[RAW DATA Boundary: Start]

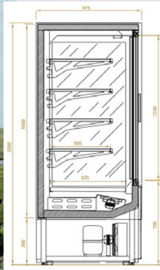
Arhus Groupe logé
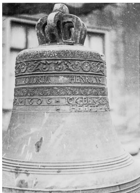
Afb. 1. Opname uit 1943 vanuit de Utrechtsestraat, kort voor de klokvordering door de Duitse bezetter op 12 februari 1943. Op de klok een deel van het opschrift "GLORIA HENRICVS" [...] "1606 ICK BEN GH..HEEFT."

Pas sinds kort is het volledige opschrift van deze luiddklok bekend: "Soli deo gloria Henricus Meurs me fecit 1606."
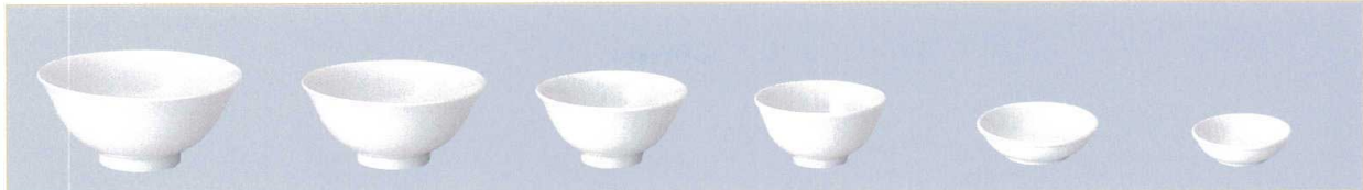
9000063 5.0スープ碗 ¥450 D15 H6.7 9000064 4.5スープ碗 ¥400 D13 H6.2 9000062 4.0スープ碗 ¥330 D11.7 H5.8 9000061 3.5スープ碗 ¥280 D10.5 H5.5 9000091 3.0薬味皿 ¥300 D10 H2.8 9000090 2.6薬味皿 ¥280 D8 H2.4
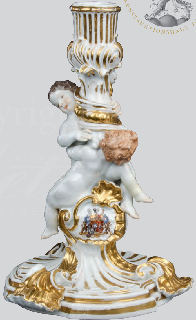
Paar Tafelleuchter aus dem Schwanenservice Meissen 1739
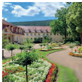
Kurhaushotel Bad Bocklet

Mittwochsgespräche, jeweils 19:30 Uhr im kleinen Kursaal
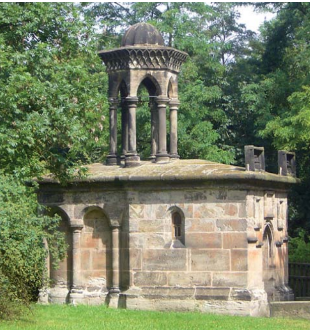
Das Ergebnis einer Pilgerreise

Die Grabeskirche mit dem Grab von Jesus Christus steht wie wir wissen in Jerusalem. Die Grabeskirche, so wie sie von den Kreuzfahrern angelegt wurde, die 1099 in die heilige Stadt kamen, steht allerdings in Görlitz.
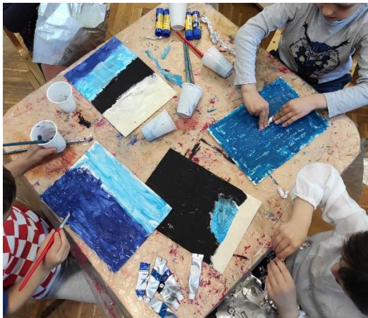
Slika 25. Inspiracija „Drvom Života“
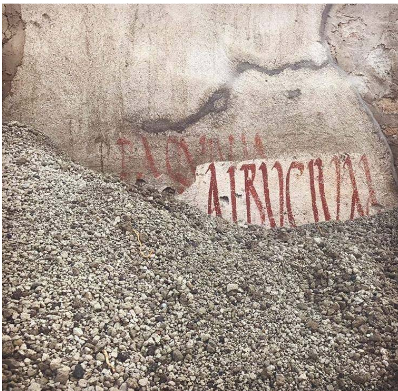
Fig. 1: Manifesti elettorali di Pompei con i nomi di due candidati che si sovrappongono 8
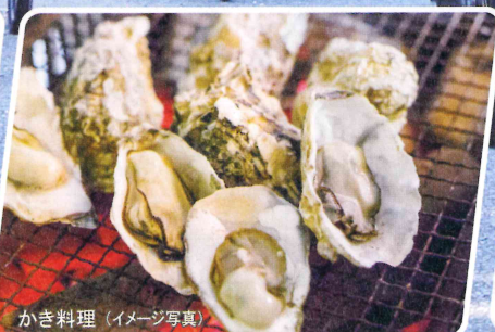
かき料理 (イメージ写真)
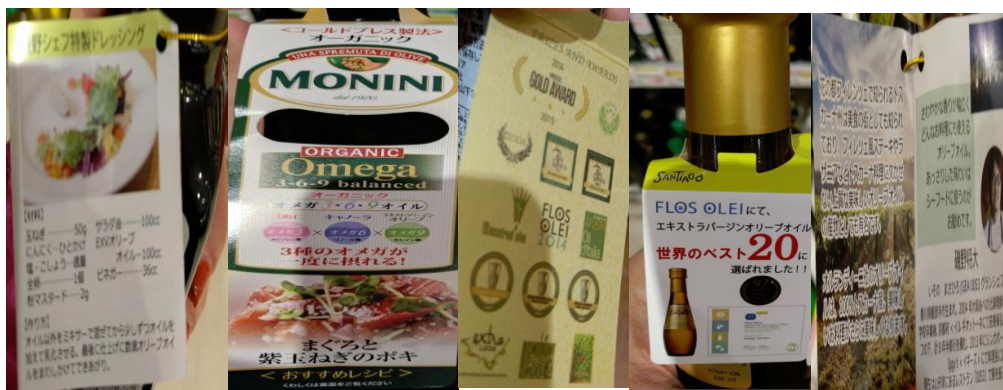
Πρόσθετες πληροφορίες στην ετικέτα (συνταγές, ωφέλη στην υγεία,
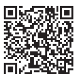
▲インターネット受付

第1次試験 5月24日（日） 第2次試験 7月7日（火）～同10日（金の指定された日） 問合せ 北海道労働局総務部総務課人事第一係 ☎011-709-2311
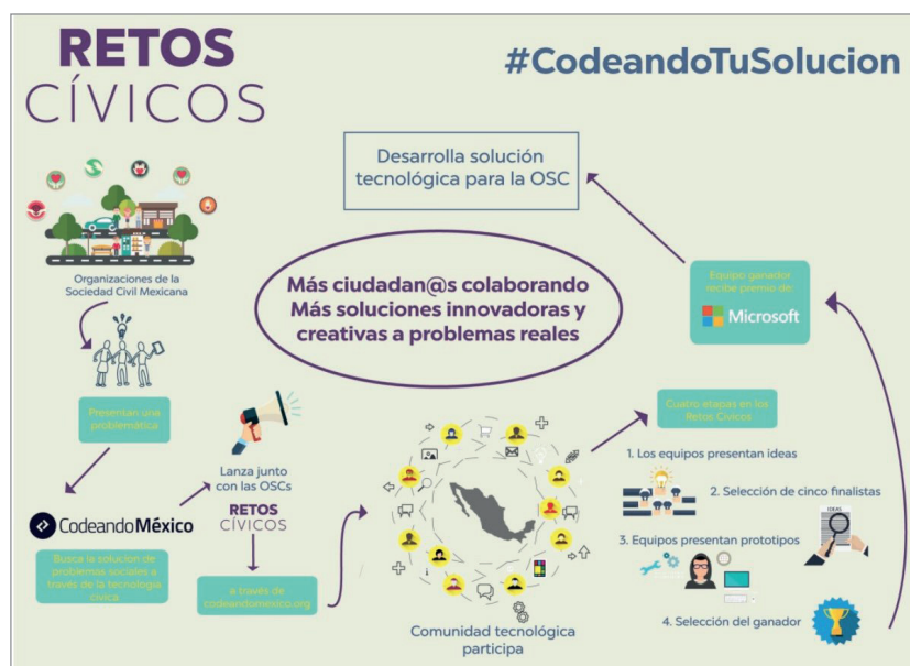
Figura 7. Retos cívicos http://retoscivicos.codeandomexico.org/#

A través de estas comunidades, Codeando México no busca dar una solución a un problema social en particular, sino agrupar a todas las personas interesadas en generar soluciones a los problemas que una o varias comunidades pue-
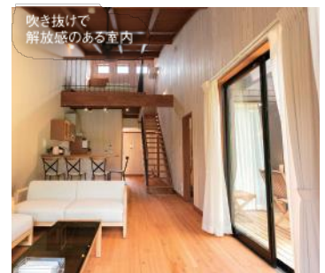
吹き抜けで解放感のある室内

※利用日によっては料金が異なる場合があります。 ※小人は4歳～小学生以下 (4歳未満は無料) ※チェックイン15:00～20:00/チェックアウト10:00
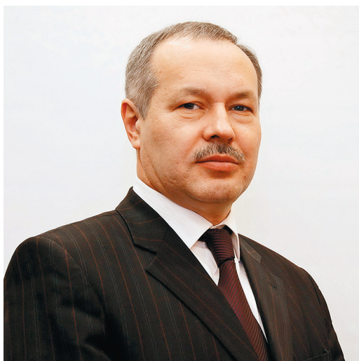
М. І. Цуркан

кандидат юридичних наук, заступник Голови Вищого адміністративного суду України
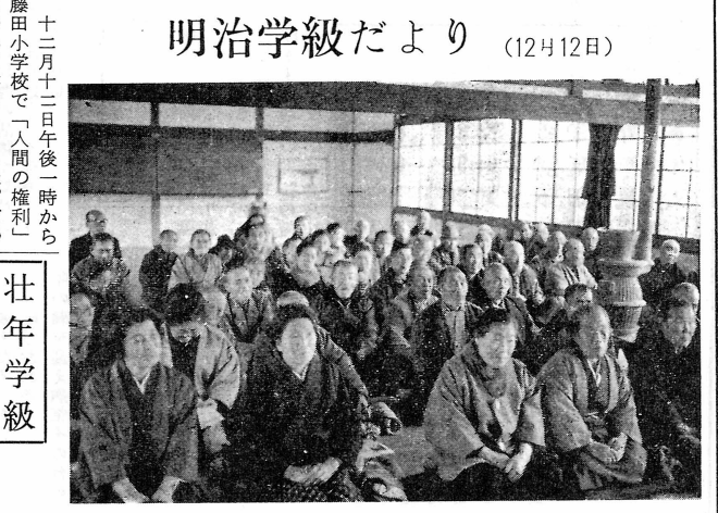
十二月十二日午後一時から藤田小学校で「人間の権利」について学習しました。町の

だれもおとすものもな、便器と舟とをまくる元において、一日中だまっていて、老人の姿を、思い浮かべただけでも胸が痛くなるではないか。明治、大正、昭和の三代を社会でつくってきた老人への代償が、悲惨なことではないだろうか。いかりがこみこんでいると考えられる。 老人の傷病は長期のものが多い、かつ症状が固定的になり、かつ重症化しやすいものが多い。老人が医師にも見てもらいたいと思つても、
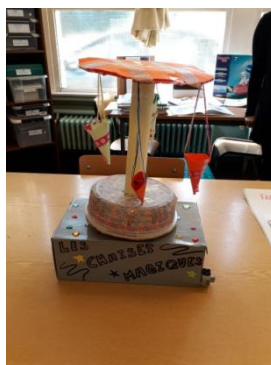
Classe de CE2
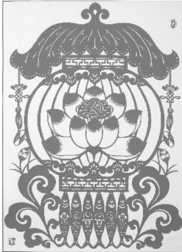
党的光辉永照山河 剪纸 宁秦香
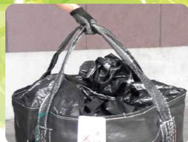
便利な長めの吊りベルト
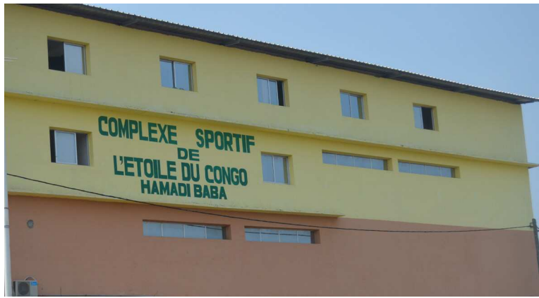
Le complexe sportif abritant le siège de l'Etoile du Congo.
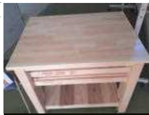
完成した給食配膳台

十月二十日(金)に水俣高校電気建築シ 作した訪問建築コースの生徒さん六名が製 作した給食配膳台の製作を行いました。計測 しながら組み立てていくことやインパクト ドリルを使うことなど、高校生ならではの 体験ができたと思います。
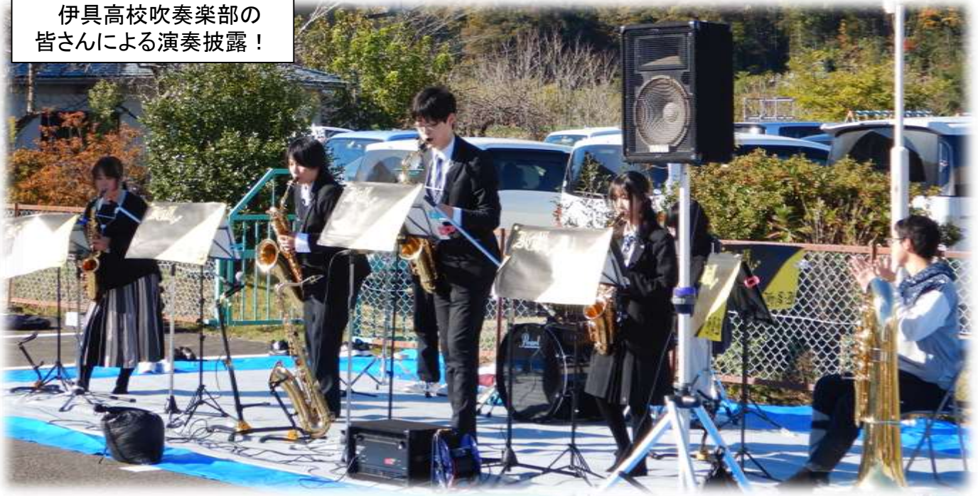
伊具高校吹奏楽部の 皆さんによる演奏披露！
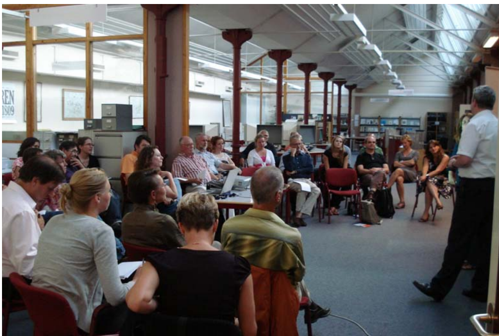
ErfgoedArena op locatie. Discussie “Historische schepen: erfgoed of gebruiksgoed?” in het Regionaal Archief te Tilburg (15 juli)
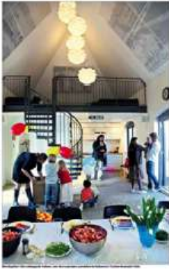
«Hvordan kan vi gjøre det slik at alle som kommer hit, skal ha en god opplevelse?»
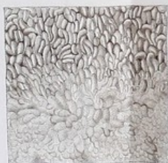
6 fois 1/2 grand. nat.
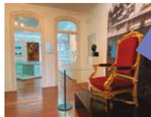
Detalle del sillón de Azaña y busto de Casares Quiroga en la primera planta.
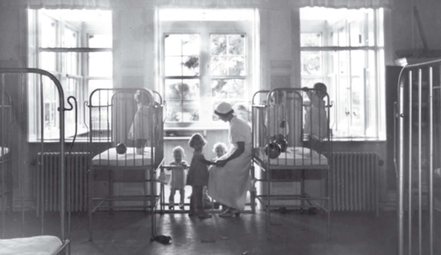
Nærvær skaber tryghed. Lykkesholm 1941.
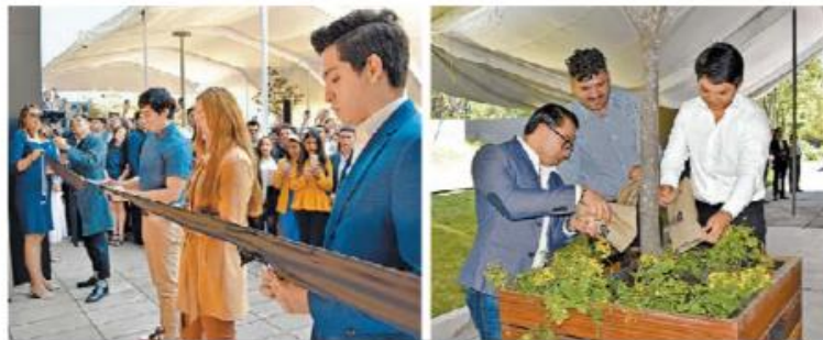
- Comienzo. Representantes estudiantiles cortaron el listón inaugural y plantaron el árbol fundador del plantel.
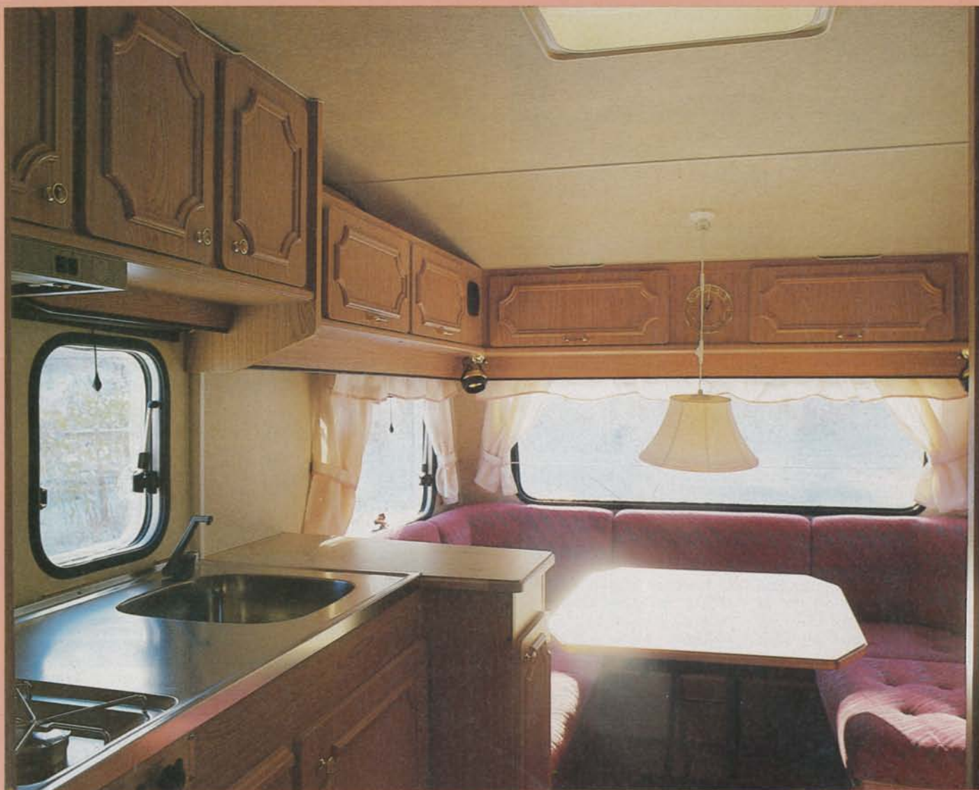
Inför modellåret -88 har den kontinentalt präglade interiören i Smålandia-vagnarna mjukats upp, med bland annat rundade hörn på alla luckor. Rundsittgruppen i vagnens främre del är mindre än i föregångaren 560, men räcker ändå gott till.

tröjor, underkläder och annat lätt fastnar och får "noppor".
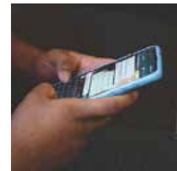
“Son distractor”.

Con globos y obsequios, 53 unidades de recolección de basura del Ayuntamiento de Toluca hicieron la tradicional caravana del Día de la niña y el niño; aparte, grupos voluntarios entregaron juguetes en el hospital del IMIEM para los pequeños internados. TANIA CONTRERAS PÁG. 6
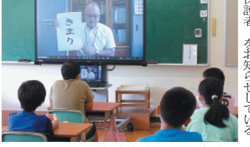
オンラインで全校集会などを実施
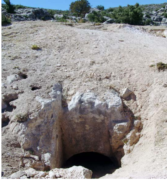
Resim 4. Dromos, GD-Mmezar 1, Güneybatı'dan

Mezar kapısı doğrudan tek odalı bir mezara açılmaktadır (Resim 3). Dromos toprak ve taş ile dolu olduğundan mezar odasına bir insanın zorlukla girebildiği bir açıklıktan ulaşılabilmektedir. Kapı açıklığı mezar odasının iç kısmında dikdörtgen formludur. Söveler ve lento dışı doğru kademeli olarak yükselen üç adet düz silme ile bezenmiştir (Resim 5). Lentonun üzerindeki kalıntılar bu alana kazıma çizgi ile bir madalyon işlendiğini belgelemektedir. Madalyon kıvrımının üst kısmına ait küçük bir kalıntıya dikey aksta bağlanan kazıma çizgi madalyon içerisinde dört kollu bir haçı işaret etmektedir.
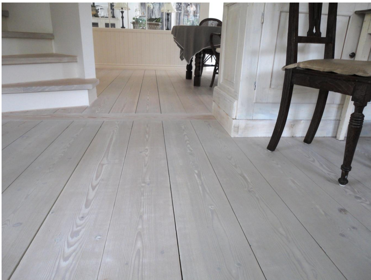
Amerikansk Douglas Natur

[RAW DATA Boundary: End]

WHAT YOU SHOULD DO:
In your copy, repeat the records above exactly and include no images.

ANSWER SPACE:
Arhus Groupe logé
Afb. 1. Opname uit 1943 vanuit de Utrechtsestraat, kort voor de klokvordering door de Duitse bezetter op 12 februari 1943. Op de klok een deel van het opschrift "GLORIA HENRICVS" [...] "1606 ICK BEN GH..HEEFT."

Pas sinds kort is het volledige opschrift van deze luiddklok bekend: "Soli deo gloria Henricus Meurs me fecit 1606."
9000063 5.0スープ碗 ¥450 D15 H6.7 9000064 4.5スープ碗 ¥400 D13 H6.2 9000062 4.0スープ碗 ¥330 D11.7 H5.8 9000061 3.5スープ碗 ¥280 D10.5 H5.5 9000091 3.0薬味皿 ¥300 D10 H2.8 9000090 2.6薬味皿 ¥280 D8 H2.4
Paar Tafelleuchter aus dem Schwanenservice Meissen 1739
Kurhaushotel Bad Bocklet

Mittwochsgespräche, jeweils 19:30 Uhr im kleinen Kursaal
Das Ergebnis einer Pilgerreise

Die Grabeskirche mit dem Grab von Jesus Christus steht wie wir wissen in Jerusalem. Die Grabeskirche, so wie sie von den Kreuzfahrern angelegt wurde, die 1099 in die heilige Stadt kamen, steht allerdings in Görlitz.
Slika 25. Inspiracija „Drvom Života“
Fig. 1: Manifesti elettorali di Pompei con i nomi di due candidati che si sovrappongono 8
かき料理 (イメージ写真)
Πρόσθετες πληροφορίες στην ετικέτα (συνταγές, ωφέλη στην υγεία,
▲インターネット受付

第1次試験 5月24日（日） 第2次試験 7月7日（火）～同10日（金の指定された日） 問合せ 北海道労働局総務部総務課人事第一係 ☎011-709-2311
Figura 7. Retos cívicos http://retoscivicos.codeandomexico.org/#

A través de estas comunidades, Codeando México no busca dar una solución a un problema social en particular, sino agrupar a todas las personas interesadas en generar soluciones a los problemas que una o varias comunidades pue-
吹き抜けで解放感のある室内

※利用日によっては料金が異なる場合があります。 ※小人は4歳～小学生以下 (4歳未満は無料) ※チェックイン15:00～20:00/チェックアウト10:00
М. І. Цуркан

кандидат юридичних наук, заступник Голови Вищого адміністративного суду України
十二月十二日午後一時から藤田小学校で「人間の権利」について学習しました。町の

だれもおとすものもな、便器と舟とをまくる元において、一日中だまっていて、老人の姿を、思い浮かべただけでも胸が痛くなるではないか。明治、大正、昭和の三代を社会でつくってきた老人への代償が、悲惨なことではないだろうか。いかりがこみこんでいると考えられる。 老人の傷病は長期のものが多い、かつ症状が固定的になり、かつ重症化しやすいものが多い。老人が医師にも見てもらいたいと思つても、
Classe de CE2
党的光辉永照山河 剪纸 宁秦香
便利な長めの吊りベルト
Le complexe sportif abritant le siège de l'Etoile du Congo.
完成した給食配膳台

十月二十日(金)に水俣高校電気建築シ 作した訪問建築コースの生徒さん六名が製 作した給食配膳台の製作を行いました。計測 しながら組み立てていくことやインパクト ドリルを使うことなど、高校生ならではの 体験ができたと思います。
伊具高校吹奏楽部の 皆さんによる演奏披露！
ErfgoedArena op locatie. Discussie “Historische schepen: erfgoed of gebruiksgoed?” in het Regionaal Archief te Tilburg (15 juli)
«Hvordan kan vi gjøre det slik at alle som kommer hit, skal ha en god opplevelse?»
6 fois 1/2 grand. nat.
Detalle del sillón de Azaña y busto de Casares Quiroga en la primera planta.
Nærvær skaber tryghed. Lykkesholm 1941.
- Comienzo. Representantes estudiantiles cortaron el listón inaugural y plantaron el árbol fundador del plantel.
Inför modellåret -88 har den kontinentalt präglade interiören i Smålandia-vagnarna mjukats upp, med bland annat rundade hörn på alla luckor. Rundsittgruppen i vagnens främre del är mindre än i föregångaren 560, men räcker ändå gott till.

tröjor, underkläder och annat lätt fastnar och får "noppor".
“Son distractor”.

Con globos y obsequios, 53 unidades de recolección de basura del Ayuntamiento de Toluca hicieron la tradicional caravana del Día de la niña y el niño; aparte, grupos voluntarios entregaron juguetes en el hospital del IMIEM para los pequeños internados. TANIA CONTRERAS PÁG. 6
オンラインで全校集会などを実施
Resim 4. Dromos, GD-Mmezar 1, Güneybatı'dan

Mezar kapısı doğrudan tek odalı bir mezara açılmaktadır (Resim 3). Dromos toprak ve taş ile dolu olduğundan mezar odasına bir insanın zorlukla girebildiği bir açıklıktan ulaşılabilmektedir. Kapı açıklığı mezar odasının iç kısmında dikdörtgen formludur. Söveler ve lento dışı doğru kademeli olarak yükselen üç adet düz silme ile bezenmiştir (Resim 5). Lentonun üzerindeki kalıntılar bu alana kazıma çizgi ile bir madalyon işlendiğini belgelemektedir. Madalyon kıvrımının üst kısmına ait küçük bir kalıntıya dikey aksta bağlanan kazıma çizgi madalyon içerisinde dört kollu bir haçı işaret etmektedir.
Amerikansk Douglas Natur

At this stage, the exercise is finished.